One of the most humbling experiences of my life was going into my PhD advisor's office with a grand idea. Without saying a word he turned to his filing cabinet and pulled out a paper. There was my grand idea, published a decade previously. The thing about this experience is that it happened repeatedly over the course of years.

Grand ideas simply don't come out of nowhere. The claim that we are missing out on any grand ideas from crackpots is just fantasy.
 
  • Like
Likes mfb and russ_watters
  • #33
If it ever happens, you'll never see it. The idea disappears forever when that happens. I bet it has happened at least once, but more likely twice or more. How great of ideas were they? The world will never know.
 
  • #34
BiGyElLoWhAt said:
The idea disappears forever when that happens
I really doubt that. Big ideas tend to be I dependently developed by more than one person at the same time. They are, after all, standing on the same shoulders.
 
  • #35
Regarding Dale's comment: I agree that we cannot afford to clutter our intellectual life with repetitious versions of previously presented results. I too was once embarrassed to find my great idea for navigation in a book on the shelf of the Chief of Naval Navigation. It worked out well. I got to meet the real inventor Admiral Weems who encouraged me to try again. Tonight I watched The Imitation Game about Alan Turing and WW II cryptology which caused me to reflect on a truly weird individual who led a breakthrough into a new technology.
 
  • #36
Bill McKeeman said:
I think it is no accident that breakthroughs often come from the young or weirdos -- they are not yet entrapped in the warm and blinding company of their peers. We do not want to be bored by crackpots, and they surely would disrupt a forum designed to explain the scientific edifice, but we also do not want to miss a grand idea just because the presentation or presenter is rough around the edges.

Dale said:
I don't think this has ever happened.

It depends on how big a threshold you have for a "grand idea."

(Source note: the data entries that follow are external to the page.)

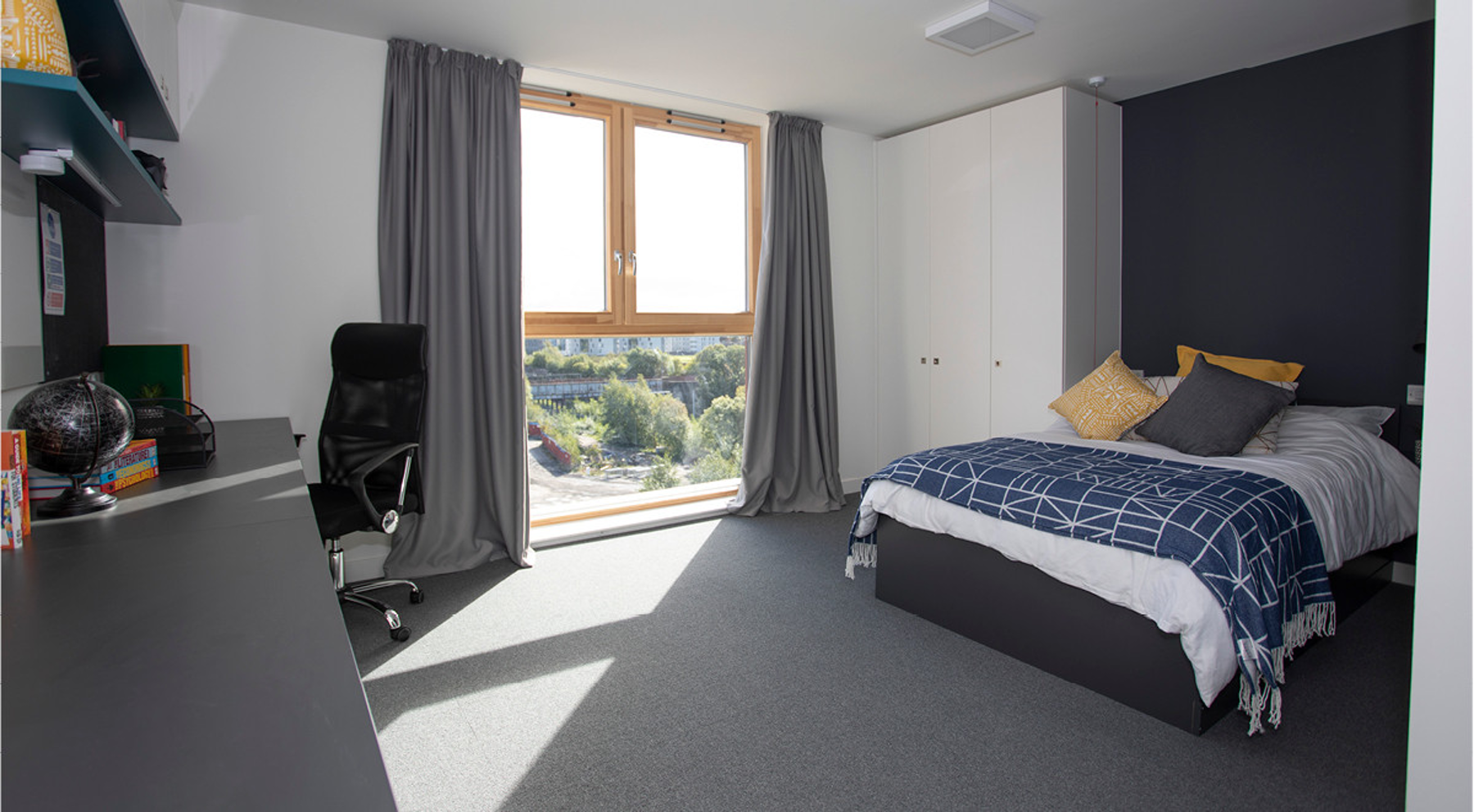 A larger self-contained studio with a fully fitted kitchenette, stylish en-suite bathroom and ample storage. These rooms also have a three quarter sized bed, and a large study desk and chair. You will also have access to the beautiful landscaped gardens, cinema room and on-site gym!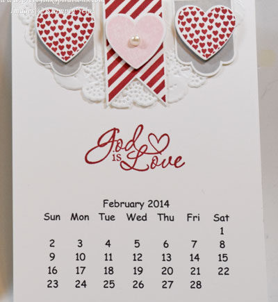 I had hoped to show you the card I’m giving my husband for Valentine’s Day but I still need to make it! That means, early morning I’ll be in my stamping room creating one or at least before the day is out! So instead I’ll show you a calendar I made for myself. I used the Hearts a Flutter Stamp set and framelits. I love the doily behind …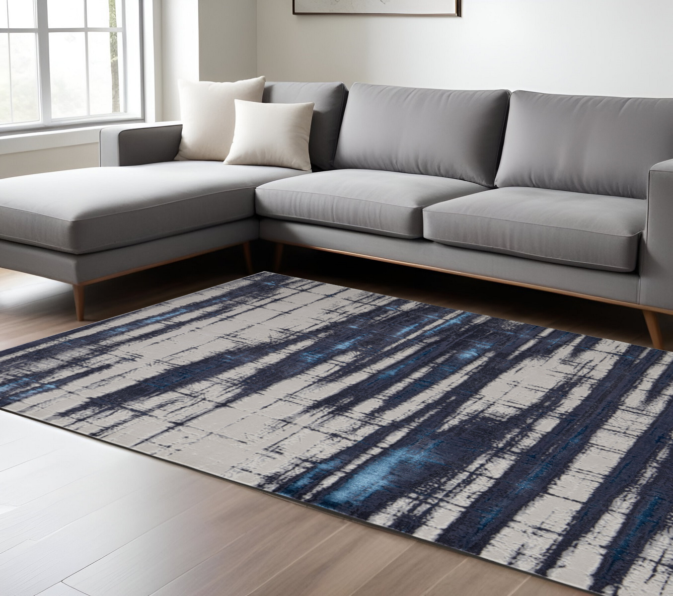 Set an inviting tone in your space with this 7-foot x 10-foot ivory and blue abstract power loom distressed non skid area rug. This rectangle shaped rug features a abstract design in ivory and blue to give it visual interest. A classic shape marries with good looking design for your space. 79-inch H x 114-inch W x 0.39-inch D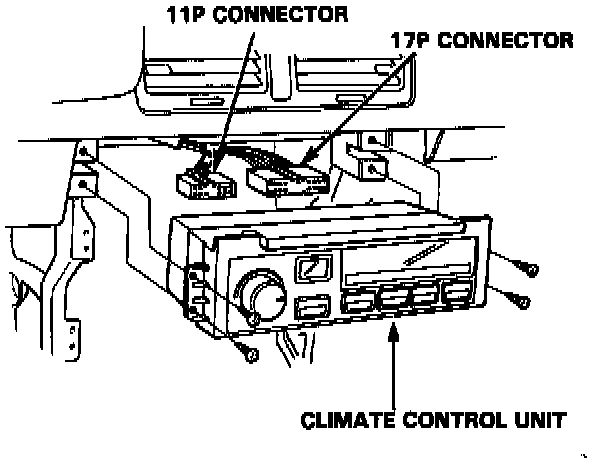 3. Disconnect the wire harness from the climate control unit before removing.

My most widely cited paper was in a field I had never published in before. My PhD is in experimental atomic Physics, the paper was describing a hypothesis my wife and I developed in blast-related traumatic brain injury. We've offended lots of neuroscientists since then due to our rough edges and lack of knowledge regarding the secret handshake and subtle use of the language. But our hypothesis that the brain can be injured by the blast wave impacting the thorax has since been experimentally verified and stood the test of time.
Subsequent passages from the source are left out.